Account of the death of a Newcastle eccentric.
'Allan's Tyneside songs' reveals that Cuddy Willy was a well known eccentric of Newcastle. Born William Maclachlan, he wandered the streets without hat or shoes for many years. Willy managed to scrape a living playing his fiddle in public houses, although frequenting these venues did not aid his health and on 27th September, 1847, Willy died from the effects of drink.
Similar to the cheap press of today these poorly printed books and broadsides catered for popular tastes, being sold by chapmen in the country and booksellers in the town. Usually sold for no more than a penny, the production of these little books and broadsides were extremely profitable for most printers. Sold in bulk the material required little proof-reading, was widely plagiarised, and badly printed.

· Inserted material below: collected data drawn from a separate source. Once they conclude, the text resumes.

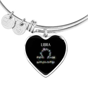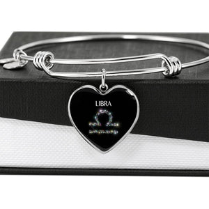 The Libra Stars Heart Bangle is a stunning bracelet detailed with a starry Libra symbol surrounded by gold or silver color setting.The Heart Bangle Is the Perfect Keepsake for Yourself or a Loved One!
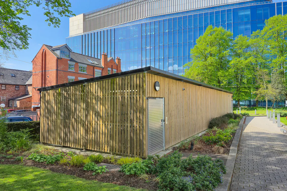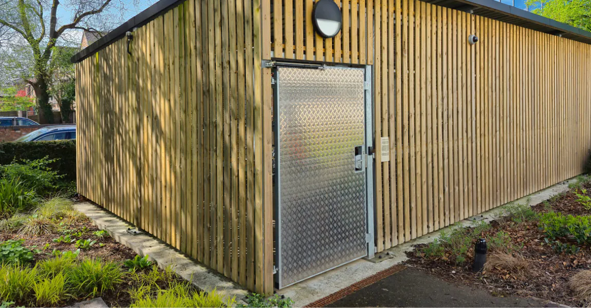 Our custom-built Blox cycle hub houses our two-tier storage system at The Christie NHS Trust, providing effortless operation and space for 210 bicycles. Built with a robust steel frame, durable timber cladding, and a heavy-duty stainless steel access-controlled door, this facility combines functionality, security, and style to encourage active travel for hospital staff and visitors.
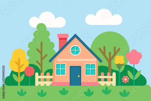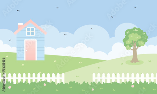 Загородный дом, концепция посадки овощей векторная иллюстрация в плоском стиле. Садовники возделывают землю, копают, удобряют почву садовыми инструментами, поливают цветы.

Newcastle was the second largest producer of chapbooks in the country at the time of this book's publication. 'Songs of the Tyne' were a short series of chapbooks originally printed by, J. Ross of the Royal Arcade. This book forms no.2 of the 'Songs of the Tyne' series and was reprinted by William Walker sometime between 1857 and 1866. Most of the songs in the book were first printed in the 1830s and 1840s although some, such as 'Jemmy Joneson's whurry', did infact appear as early as 1823.
The book contains some of the region's best known traditional songs. From 'The new keel row' to 'Harry Clasper', the book has offerings from well known Tyneside composers such as Thomas Thompson and would have been extremely popular among the local population.